(Beginning of INPUT DATA)

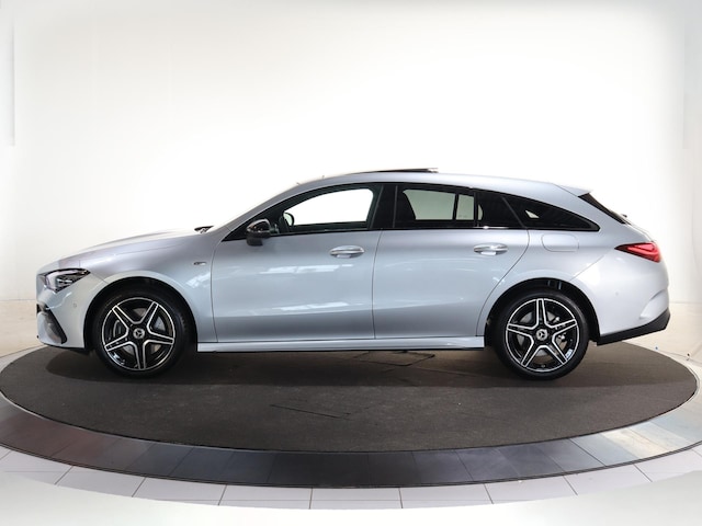 Als je motto is 'The best or nothing', laat je zien dat je ambities hebt. Maar dat wisten we van Mercedes al heel lang. Wordt dit uw eerste Mercedes of de volgende in een lange rij? In beide gevallen heeft u helemaal gelijk. Voor de echte liefhebber is de AMG-styling natuurlijk een dikke plus. Dit is een splinternieuwe auto, die nu uit voorraad leverbaar is. Brandstofmotor, elektromotor? Deze hybride Mercedes-Benz CLA-klasse Shooting Brake combineert ze. En dat is te merken bij de pomp, want die ziet u voortaan minder vaak. In de verwarmbare voorstoelen zitten is elke keer een welkom gevoel. De sportstoelen zorgen voor een strak uiterlijk én een uitstekende zitsteun. De bagageruimte is toegankelijk via een comfortverhogende elektrische achterklep. Onderweg heeft u extra veel te zien dankzij het glazen panoramadak. De koplampen zijn voorzien van de allernieuwste lichttechnologie: matrix LED-verlichting. Bij de zeer complete uitrusting van deze auto behoren ook 18 inch lichtmetalen velgen, AMG-styling, warmtewerend glas, in delen neerklapbare achterbank, verstelbare lendensteunen en snelheidsafhankelijke stuurbekrachtiging.
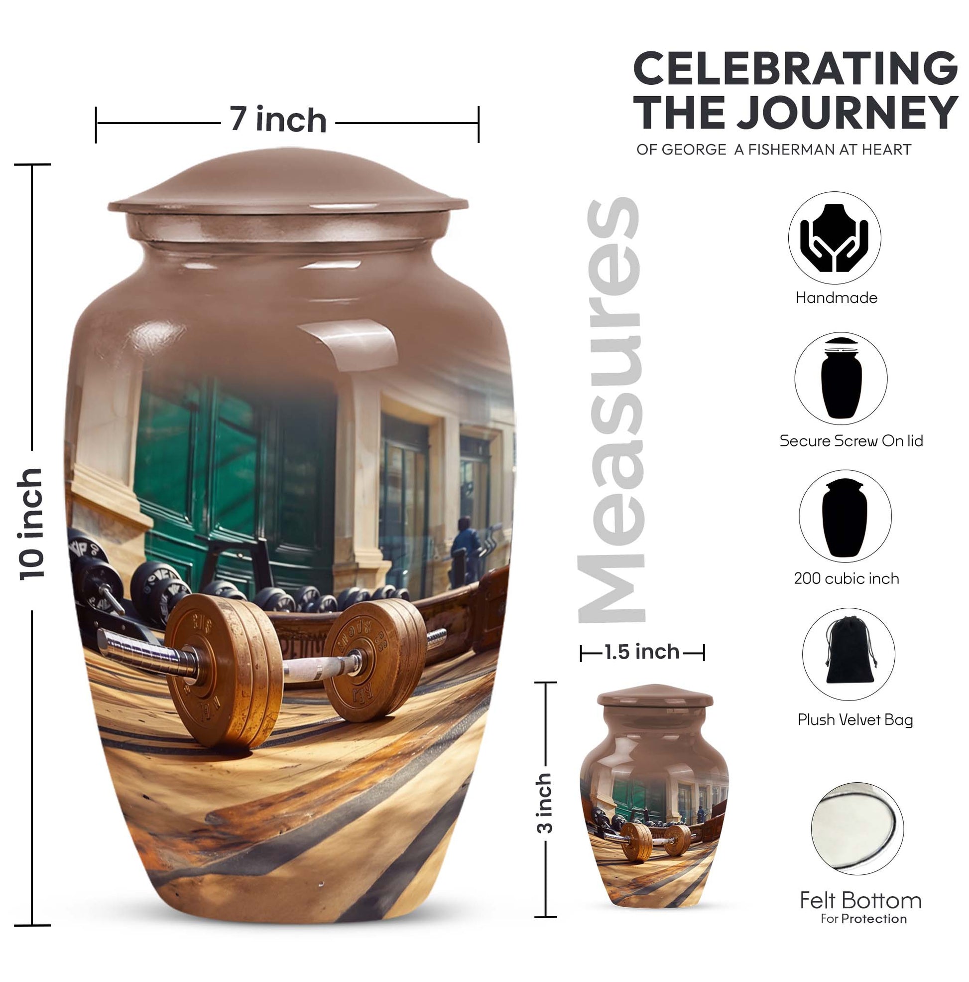 Our Dumbles Urn stands as a beacon of hope, a physical representation of cherished memories, and an elegant resting place for loved ones departed. With a height of 10 inches and a weight of 3.3 pounds, this large urn is skillfully crafted from aluminium and exhibits an abstract theme that evokes an ethereal aesthetic. Within the sophisticated 10-inch urn, you can securely contain your loved one's ashes up to a capacity of 200 cubic inches. Furthermore, the product arrives accompanied by a velvet pouch, designed for respectful containment of ashes. For a personal touch to this memorial urn, feel free to customize it with engraved names, transforming it into a heartfelt token of remembrance. This beautiful remembrance piece, perfect for mom, is part of our carefully curated collection of cremation personalized urns for human ashes for adults. Whether you’re looking for burial urns or memorial urns, our Dumbles Urn is a fitting tribute to those who have touched our lives and left enduring memories.
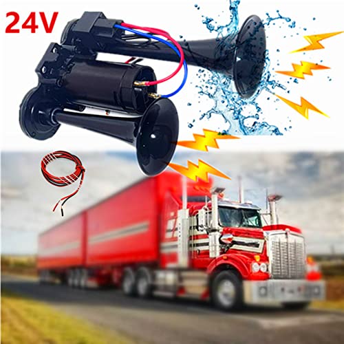 YIYIDA clacson per auto Car Horn clacson elettrico per auto 165db Trombe Clacson acuti e bassi neri 24V Altoparlante per clacson per camion a doppio tubo Air Horn oratore per 24V camion barca ecc
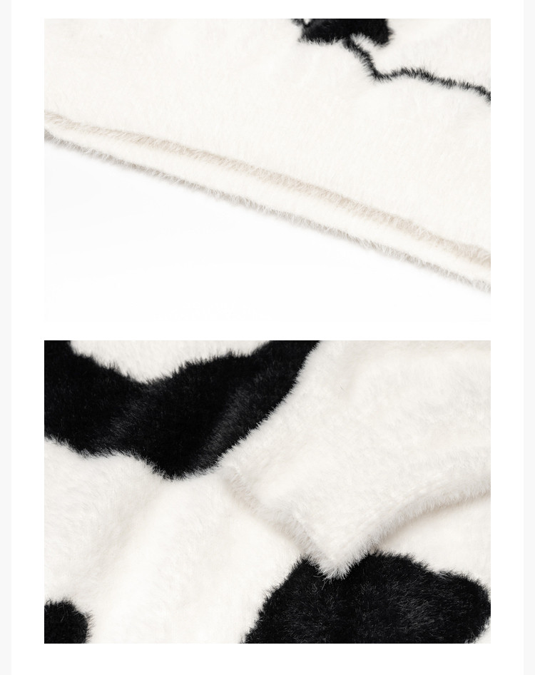 初春季温柔毛绒趣味减龄熊猫提花宽松落肩毛衣上衣女 495259
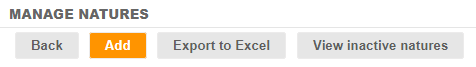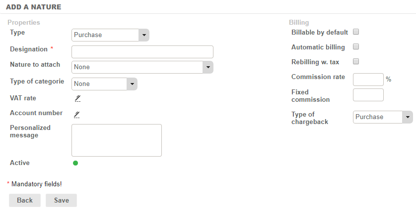 By clicking on the button Add, we can configure a new nature of purchase. We get to the following screen:
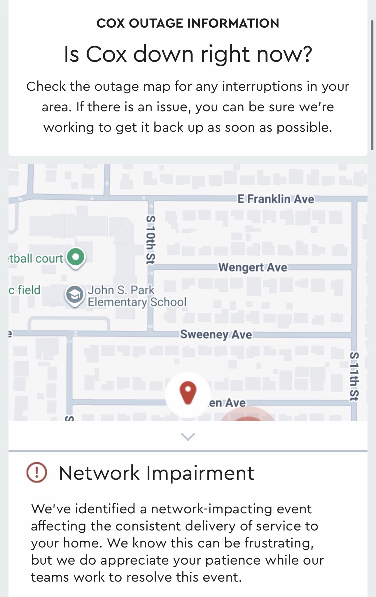 I know this is not your fault, I don't have anyone else to ask. The internet has been down for over 18 hrs, that I know of...I used the link you sent and it tells me there may be an outage. It then wants a login and password, which I don't have. I called cox and the agent told me the same. Im sorry to bother you , but are there any updates on service restoration?
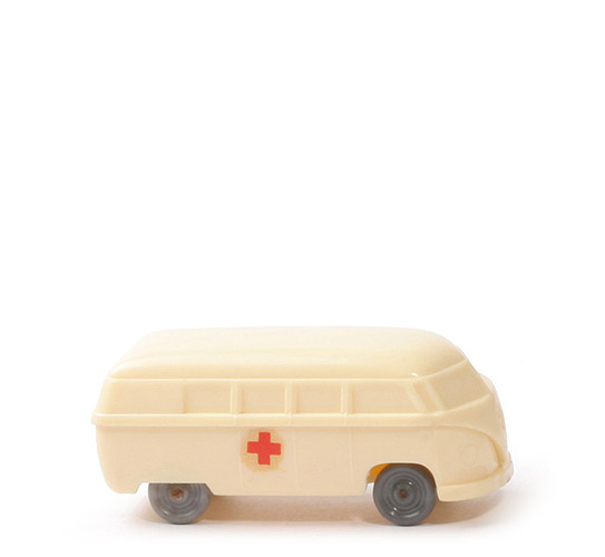 Achsen | Rollachser | Karosserie oben | cremeweiß | Seite | mit 4 Seitenfenstern | Front | VW Emblem | Karosserie unten | cremeweiß | Bodenprägung | WM (im Kreis) | Blaulicht | ohne | Bemalung Scheinwerfer | ohne | Bemalung Stoßstange vorne | ohne | Bemalung Heck | ohne | Scheibensilberung | ohne | Beschriftung | Rotes Kreuz | Beschriftung Art | kreisrundes Abziehbild | Räder Typ | 8 mm, ohne Profil | Räder Farbe | ca. basaltgrau |
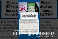 Jakarta, Surya Indonesia.net – Komisi Pengawas Persaingan Usaha (KPPU) memutuskan bahwa 97 perusahaan pinjaman online (pinjol) terbukti bersalah dalam kasus kartel suku bunga. Adapun
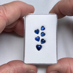A small group of heart-shaped blue sapphire cabochons from Sri Lanka. The color ranges from deep royal blue to slightly lighter blue tones, with natural variation between stones
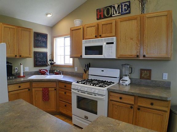 Beautifully decorated move-in ready home! You will not have to do a thing. The main level features an open floor plan with cathedral ceilings. The kitchen includes a center island. Spacious dining and living areas.Two bedrooms and a full bathroom complete the main level. The daylight lower level includes the family room, the third bedroom, the full bathroom and the laundry room. This home is set back off the street and features a deck overlooking the private backyard. Come take a look!
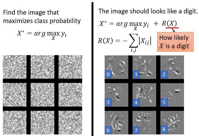 針對上述方法的 optimization problem 加上一個限制 ,不只希望輸出的某一類別分數 要最高,還要考慮 多像一個數字,產生的結果可能會好一點
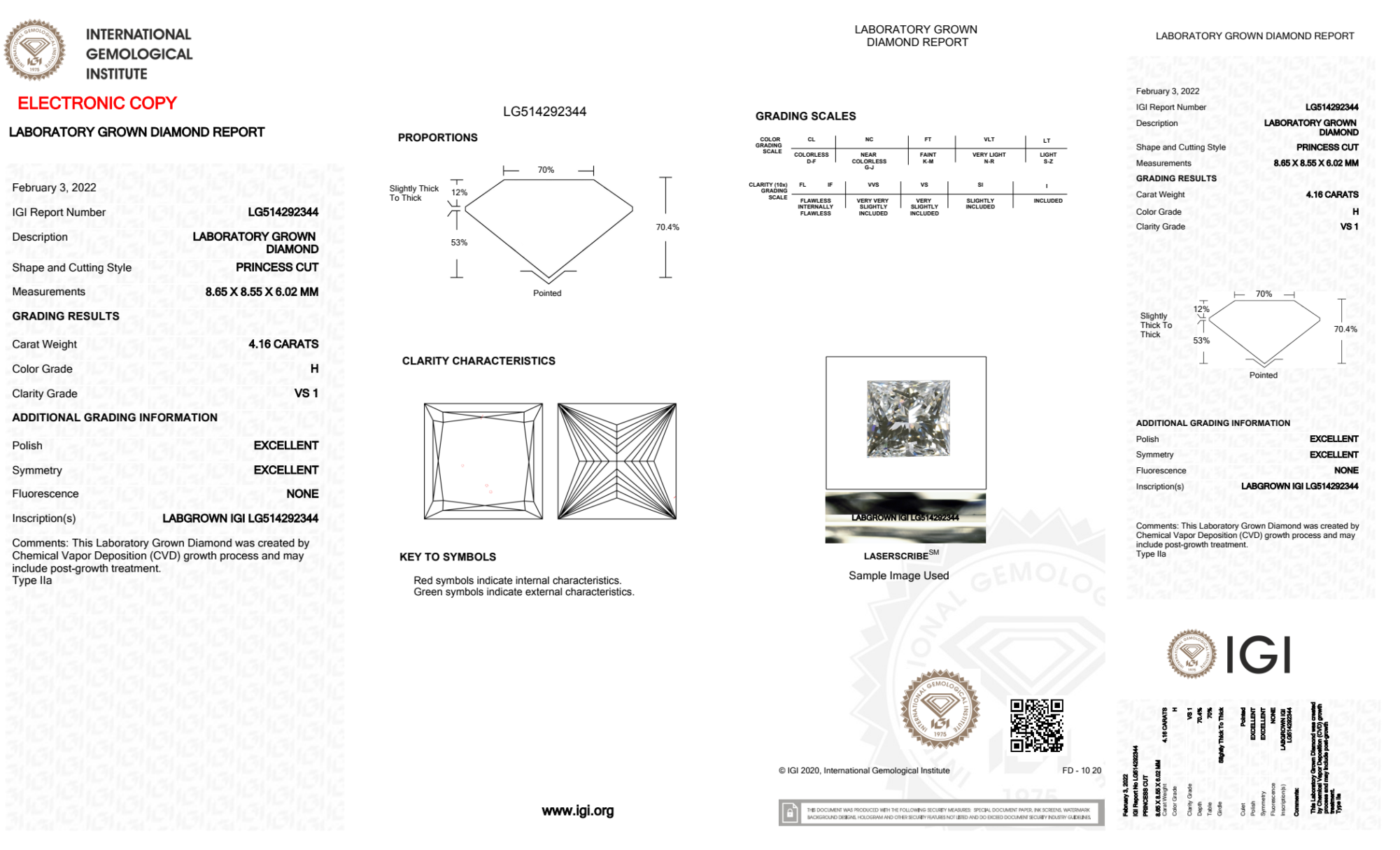 Your 4.16 carat Princess lab diamond is graded H color (Near Colorless), and you can read more about H color diamonds here.
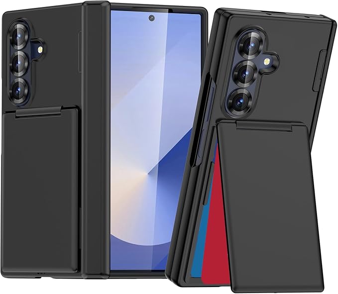KOOLRIVER・For Galaxy Z Fold7 クリア ケース カバー 折りたたみ型 透明 カード収納 側面 シリコン+ 背面プラスチック シンプル お洒落 ギャラクシー フォールド7 保護ケース(ブラック)
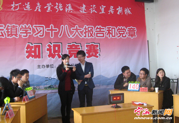 宁海新闻网讯 前日,黄坛镇举办以“学习十八大精神,创先争优展风采”为主题的党的十八大精神和党章知识竞赛。来自该镇机关、企业、农村、妇联等单位人员组成的6个代表队进行了总决赛,赛题主要为十八大报告精神、党章、党史知识以及我县发展情况等相关内容,主题突出。 (惠广亮 章亚丽 摄)
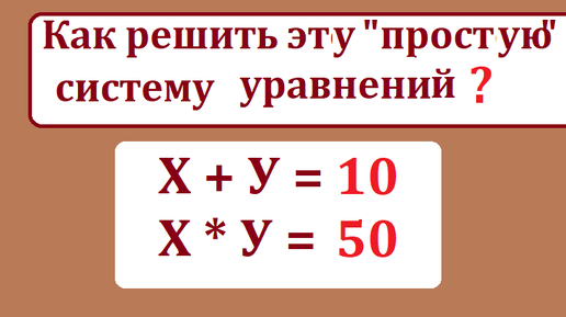 Как решить эту несложную систему уравнений? х+у=10; х*у = 50

(End of INPUT DATA)

Within the listing above, extract exactly the lines that run from the one containing "I know this" through the one containing "A small group", excluding any pictures.

- [RESULT FOR THIS TASK]:
 I know this is not your fault, I don't have anyone else to ask. The internet has been down for over 18 hrs, that I know of...I used the link you sent and it tells me there may be an outage. It then wants a login and password, which I don't have. I called cox and the agent told me the same. Im sorry to bother you , but are there any updates on service restoration?
 Achsen | Rollachser | Karosserie oben | cremeweiß | Seite | mit 4 Seitenfenstern | Front | VW Emblem | Karosserie unten | cremeweiß | Bodenprägung | WM (im Kreis) | Blaulicht | ohne | Bemalung Scheinwerfer | ohne | Bemalung Stoßstange vorne | ohne | Bemalung Heck | ohne | Scheibensilberung | ohne | Beschriftung | Rotes Kreuz | Beschriftung Art | kreisrundes Abziehbild | Räder Typ | 8 mm, ohne Profil | Räder Farbe | ca. basaltgrau |
 Jakarta, Surya Indonesia.net – Komisi Pengawas Persaingan Usaha (KPPU) memutuskan bahwa 97 perusahaan pinjaman online (pinjol) terbukti bersalah dalam kasus kartel suku bunga. Adapun
A small group of heart-shaped blue sapphire cabochons from Sri Lanka. The color ranges from deep royal blue to slightly lighter blue tones, with natural variation between stones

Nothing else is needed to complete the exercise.